NAME OF THE CASE
ZIMSEC v Chinhengo& Another (HH 160-18)
NAME OF THE COURT
High Court
CITY AND COUNTRY
Harare, Zimbabwe
KEY WORDS
Arbitral award, setting aside, public policy
CASE SUMMARY
In 2011, the second respondent won a tender for the binding of applicant’s ‘O’ Level and ‘A’ level result slips for the years 2004 to 2010. Subsequent to that, a contract was entered into between applicant and second respondent. In terms of the contract, the price was fixed at $71 620.50 for the binding exercise which was agreed to take 21 days.

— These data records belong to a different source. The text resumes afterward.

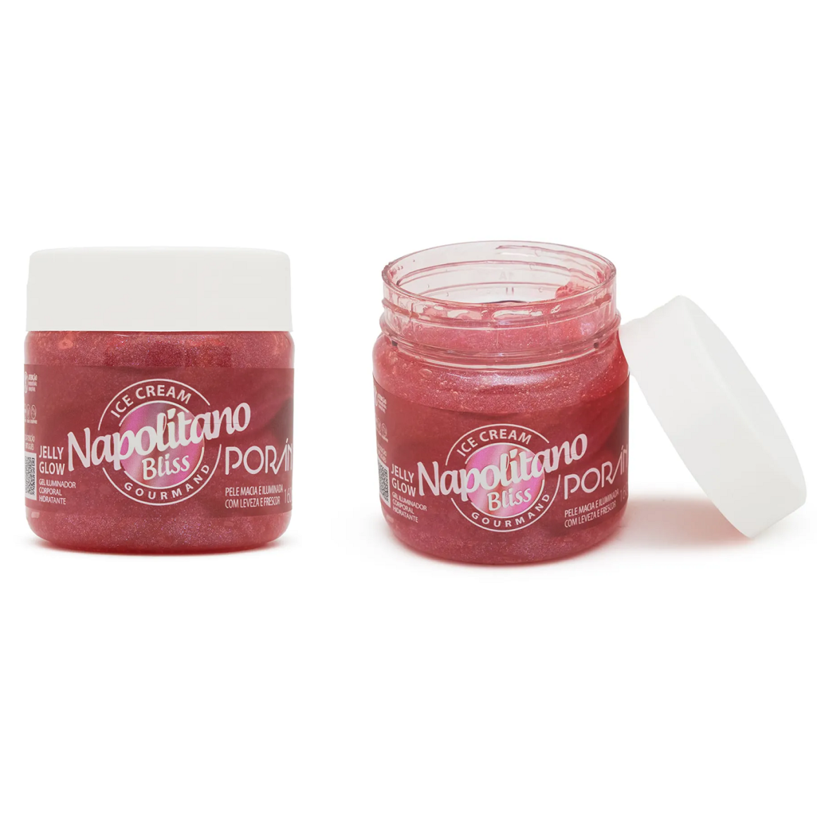 Descrição: O Gel Iluminador Jelly Glow Napolitano Bliss Porán é um gel corporal hidratante que combina cuidado e brilho em uma textura leve e refrescante. Sua fórmula desliza facilmente sobre a pele, proporcionando hidratação imediata e um toque radiante que valoriza o brilho natural. Deixa a pele macia, iluminada e delicadamente perfumada com fragrância envolvente.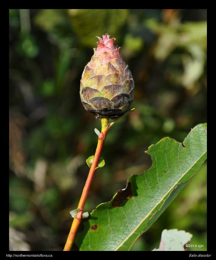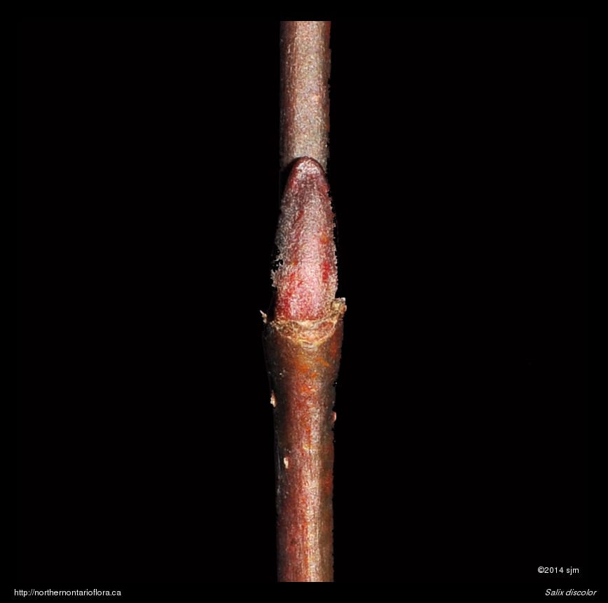 Stems/twigs: Twigs slender, dark reddish-brown; buds alternate, with a single reddish-brown bud scale enclosing each bud. Flower buds are 2—3 times larger than vegetative buds. In spring, the bud scale splits along the surface adjacent to the stem and soon falls off. Young stems and winter twigs may be finely hairy, but older stems are smooth (glabrous). Leaf scars are broadly U-shaped with 3 bundle trace scars. Occasionally, a large cone-shaped structure forms at the tip of a willow branch. This odd-looking structure is a pinecone willow gall, which develops after a small fly-like insect (the gall midge) lays an egg in the stem's terminal bud. As the larva develops, it releases a chemical that interferes with normal plant growth, causing a large gall to develop. Slicing open one of these galls will reveal a small larva in the centre.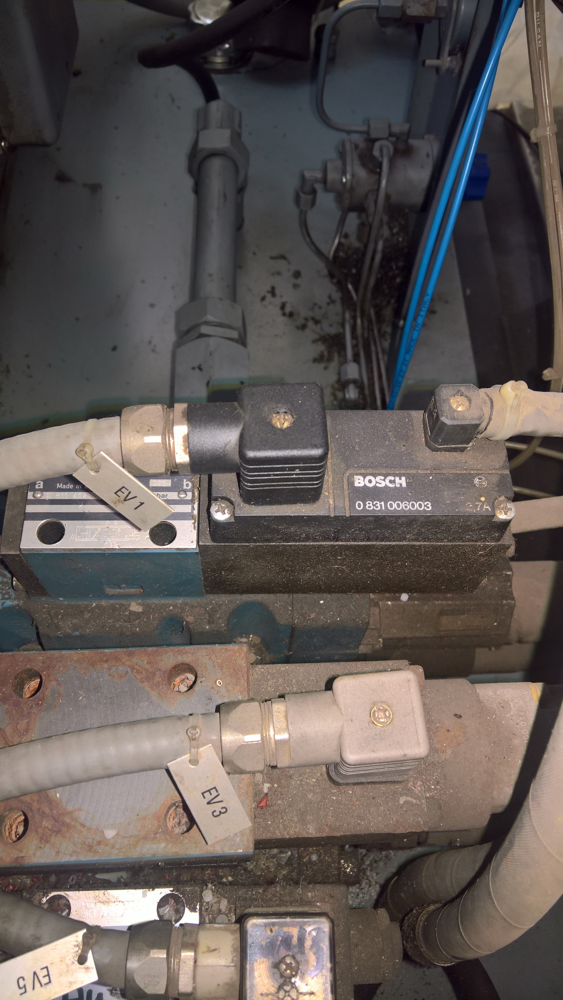Итальянцы выслали электросхемы и гидросхему на данный станок. В гидросхеме вместо клапана 0 811 404 033 указан клапан 0 811 404 210. На электросхеме вместо установленной в станке платы B 830 303 170 указана плата 0 811 405 013. Схема подключения платы 0 811 405 013 указанная в электросхеме не соответствует реальному подключению проводов к плате B 830 303 170.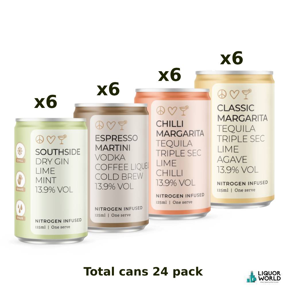 Byron Bay Spirits Ready Made Cocktails offer a premium selection of bar-quality cocktails in a convenient mixed 24-pack. Featuring four signature serves—Classic Margarita, Chilli Margarita, Espresso Martini, and Southside—each crafted with Byron Bay’s own distilled spirits and real ingredients. Bottled at a bold 13.9% ABV, these 125ml cans deliver full-flavoured cocktail experiences ready to enjoy anytime, anywhere—no shaking, stirring, or mixing required.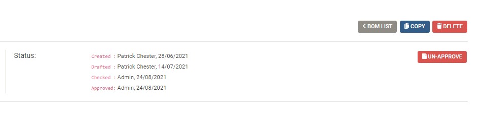 A new feature that we have added is the ‘un-approve’ option. Whenever you make a changes to a BOM it automatically un-approves a BOM and makes you check it again before it can go back into production.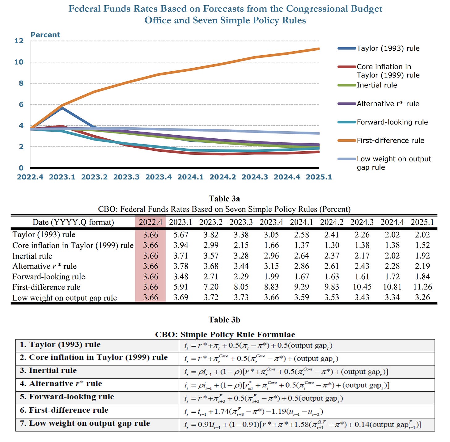 Table 3a provides the results from seven simple monetary policy rules conditional on forecasts from the Congressional Budget Office (CBO). The Congressional Budget Office (CBO) provides forecasts for Personal Consumption Expenditures (PCE) inflation, core Personal Consumption Expenditures (PCE) inflation, the unemployment rate, and the output gap.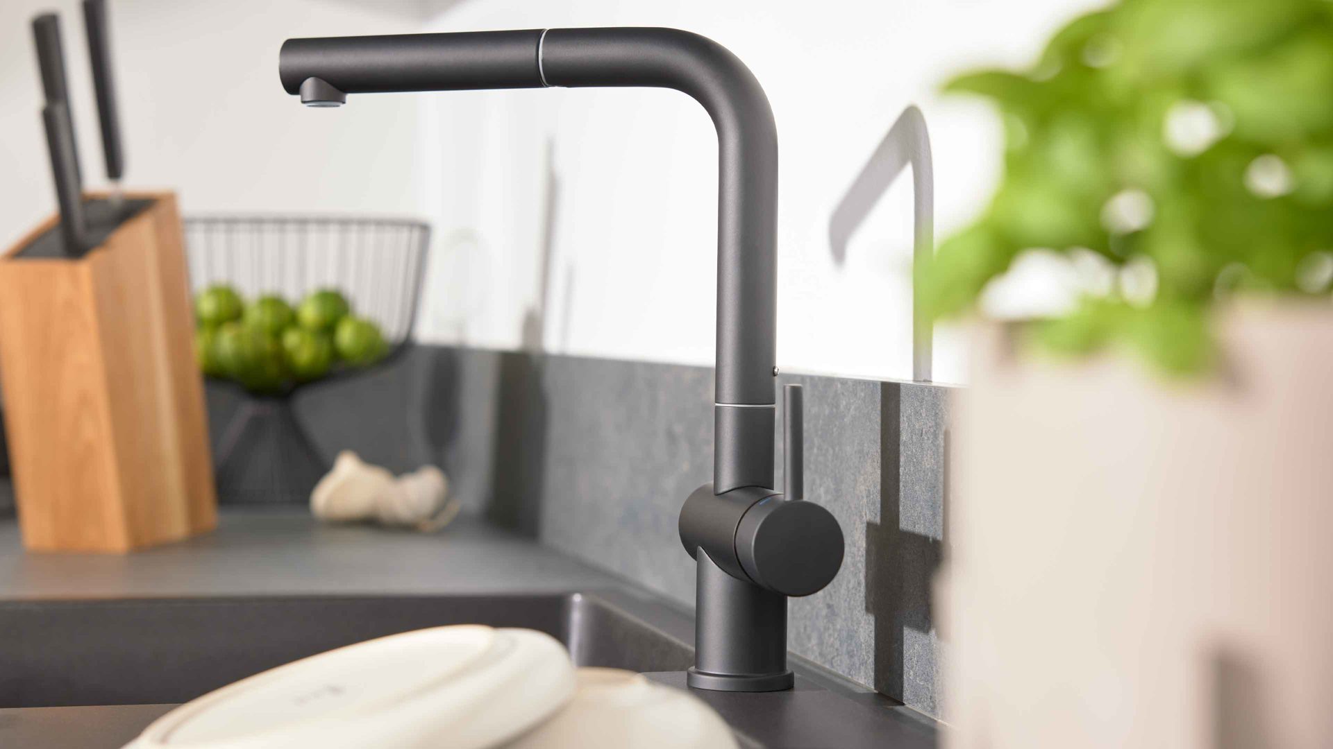 Zur Ausstattung gehören mehrere leistungsstarke Geräte von privileg. Mitgeliefert werden der Kühlschrank PRC12VS2E mit Energieeffizienzklasse E (Spektrum A bis G), das Glaskeramik-Kochfeld PCTACK6042IN mit ca. 60 cm Breite, der Backofen PBWK3NN5FIN mit ca. 60 cm Breite und Energieeffizienzklasse A (Spektrum A+++ bis D) sowie die kopffreie Dunsthaube DGHVP83LTK/1 mit Energieeffizienzklasse B (Spektrum A bis G). Ergänzt wird die Ausstattung durch eine mattschwarze Einbauspüle mit passender Einhebel-Mischbatterie. Optional kannst du die Küche um einen Geschirrspüler erweitern.

Applicant only managed to provide all the batches in 2014. By that time, applicant had paid $69 255.00 leaving a balance of $2 365.85 in terms of the contracts. However the second respondent raised invoices which had a balance of $43 708.35 for a new figure of $112 963.35. The applicant refused to pay the revised figure but offered to pay $2 365.85. The parties declared a dispute and the matter was referred for arbitration where the arbitrator ordered that the applicant pay to the second respondent the sum of $18 129.80 including VAT, for the additional costs occasioned by the extension of the Agreement signed on 18 January 2012 from March 2012 to August 2014 and that the applicant pay to the second respondent the sum of $2 365.85 including VAT, being outstanding balance of the contract price. Applicant now seeks to set aside the first part of the arbitral award ordering it to pay $18 129.80, arguing that such award is contrary to public policy. The questions presented before the court were whether or not the arbitrator had failed to interpret the contact of the parties.
Key holdings:
- The court held that the arbitrator erred by awarding damages which were not proven. It went on to say that when setting aside arbitral awards, the court had to be satisfied that there was faultiness or incorrectness in the handing down of the arbitral award. In this case however, the judge said it was beyond mere faultiness thus the award given by the arbitrator was set aside.